Semua orang memiliki hak untuk bersuara dan memilih sesuai dengan hati nuraninya. Mencela pilihan orang lain dan merasa pilihannya yang paling baik adalah suatu hal yang bertentangan dengan kebebasan dan kemerdekaan tiap orang. Sekuat apapun argumen yang ingin dipertegas, jika memang hati orang tersebut tidak selaras maka pilihan tersebut tetap tidak bisa dipaksakan.
Seperti yang kita ketahui, bahwa tahun 2024 merupakan tahun politik yang sangat panas. Tidak sedikit hubungan yang terpecah belah akibat perbedaan pilihan dalam memilih calon pemimpin negara. Seperti yang tercantum dalam Undang-Undang Nomor 30/1999 Pasal 43 Hak Asasi Manusia (HAM) mengenai hak memilih.
“Setiap warga mendapatkan hak pilih dan memilih dalam pemilihan umum berdasarkan persamaan hak melalui pemungutan suara yang langsung, umum, bebas, rahasia, jujur, dan adil sesuai dengan ketentuan peraturan perundang-undangan”.
Memaksakan pilihan kepada orang lain juga berarti menentang asas pemilu demokratis yang “bebas”, bahwa setiap warga negara memiliki hak yang sama untuk memilih tanpa adanya paksaan atau tekanan dari orang lain. Akan tetapi, nyatanya masih banyak keributan yang timbul akibat perbedaan pendapat antarkelompok.
Ketika membahas soal pemilihan kepala negara, tentunya bukan hal yang dapat diselesaikan dalam sekali duduk. Sudut pandang orang yang berbeda-beda dipengaruhi oleh berbagai macam aspek yang memang harus dikaji lagi secara lebih mendalam. Kita tidak bisa hanya mengandalkan pandangan salah satu kelompok dan menganggap sudut pandang yang lain salah.
Menyoal tentang pemilihan umum, tentunya harus diikuti dengan pikiran terbuka. Pilihan yang berbeda dapat disebabkan oleh perbedaan kebutuhan dan cara berpikir orang yang tidak semuanya sama. Bisa saja hal yang menurut kita baik, tetapi bagi orang lain buruk.
Di tahun pemilu ini, tak jarang kita menemukan kalimat yang berseliweran seperti pemilu bukanlah untuk memilih yang terbaik, tetapi mencegah yang buruk berkuasa. Pernyataan tersebut tidak bisa dinilai salah karena memang pemimpin negara haruslah sosok yang memiliki integritas tinggi.

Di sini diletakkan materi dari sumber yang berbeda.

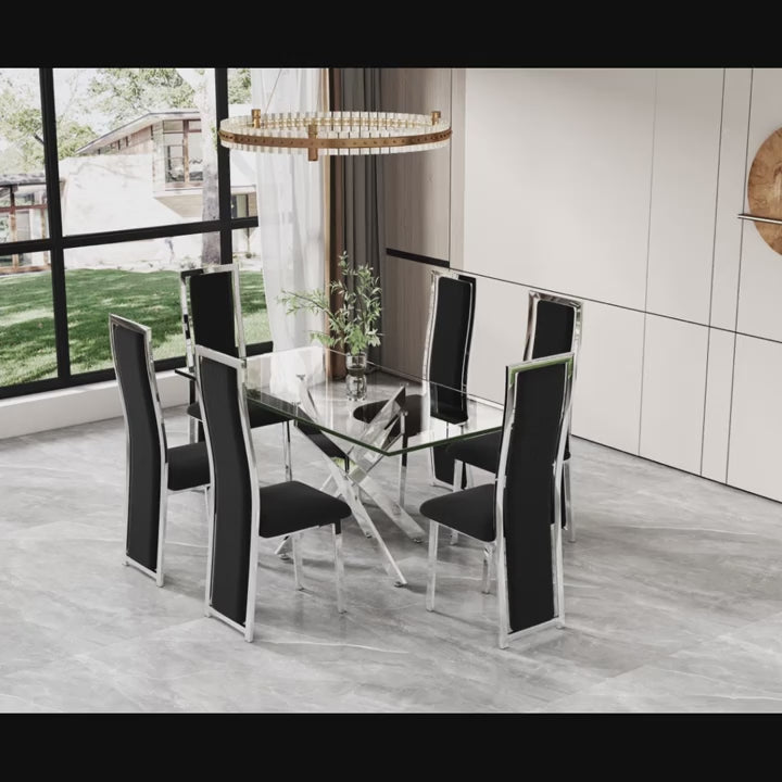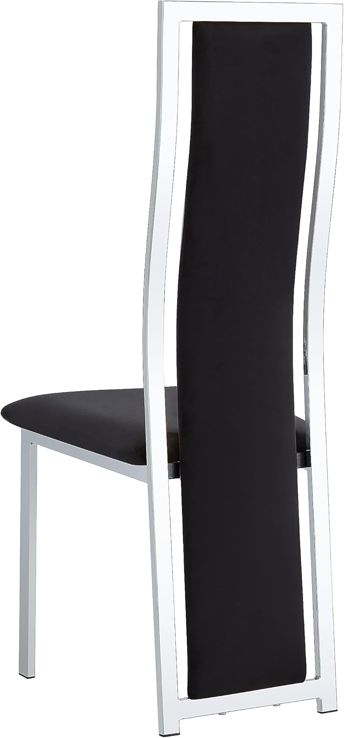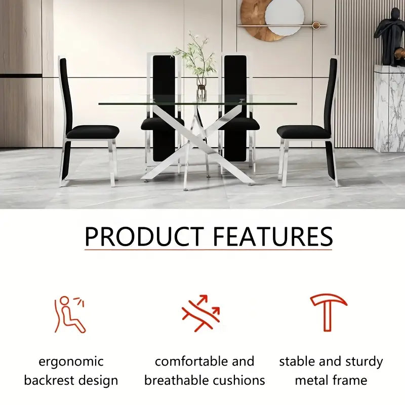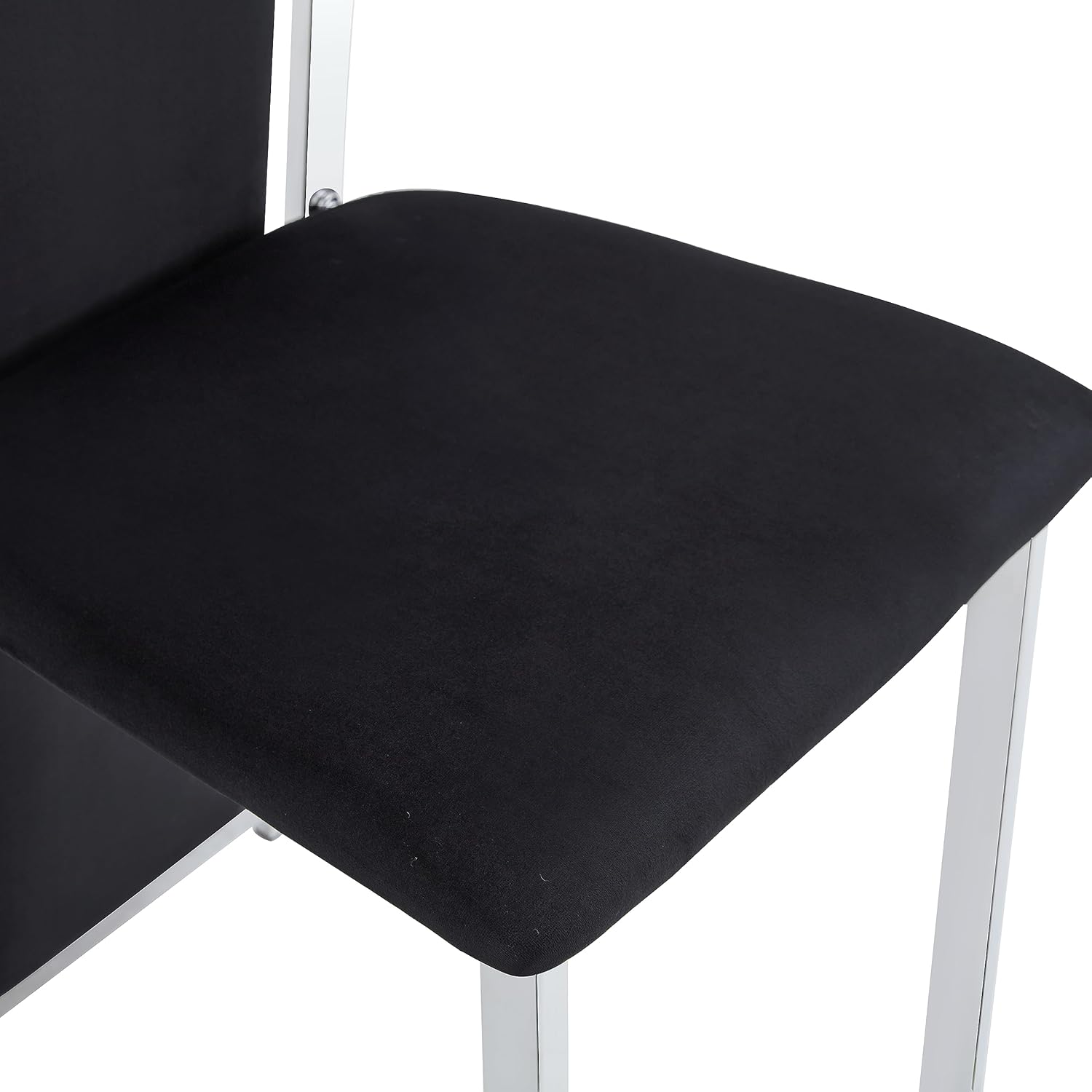 Experience the perfect balance of comfort and sophistication. This high-back dining chair set features plush black cushioning wrapped in premium upholstery, supported by striking silver metal legs. Non-slip feet ensure stability without compromising style.

Di sisi lain, pernyataan tersebut dapat dinilai sebagai tameng atau sekadar wadah pembelaan bagi kelompok yang merasa paling benar. Pernyataan tersebut memang menyiratkan makna merendahkan karena seakan-akan pilihan kelompoknya saja yang paling baik, tetapi menilai pilihan kelompok lain salah. Kembali lagi, kelompok yang merasa paling benar tersebut seakan tidak mengaca dan kembali menoleh pada pilihan yang diambilnya.
Tidak ada yang sempurna di dunia ini. Semua pilihan pasti memiliki konsekuensi masing-masing dan apa yang akan terjadi beberapa tahun ke depan merupakan hasil pilihan kita di masa sekarang. Jika apa yang terjadi dalam proses implementasinya kurang maksimal, kita pun tak dapat langsung mengatakan bahwa kita salah memilih sosok pemimpin. Perlu dilakukan pengkajian secara cermat untuk membahas permasalahan tersebut dan turut mencari solusi, bukan malah mencaci maki.
Pada hakikatnya, manusia memang diciptakan berbeda-beda dan perbedaan tersebut adalah hal yang wajar. Namun demikian, hal tersebut tergantung lagi pada sikap kita sebagai warga negara yang bijak untuk dapat mengembangkan sikap tenggang rasa agar terciptanya hubungan saling menghargai antarsesama.
Oleh karena itu, menghormati pilihan tiap individu sangatlah penting. Seperti kita yang hidup di negara multikultural di mana perbedaan bukanlah hal yang menjadi penghambat persatuan, tetapi malah menjadi sebuah kekuatan yang membuat solidaritas kita semakin kuat.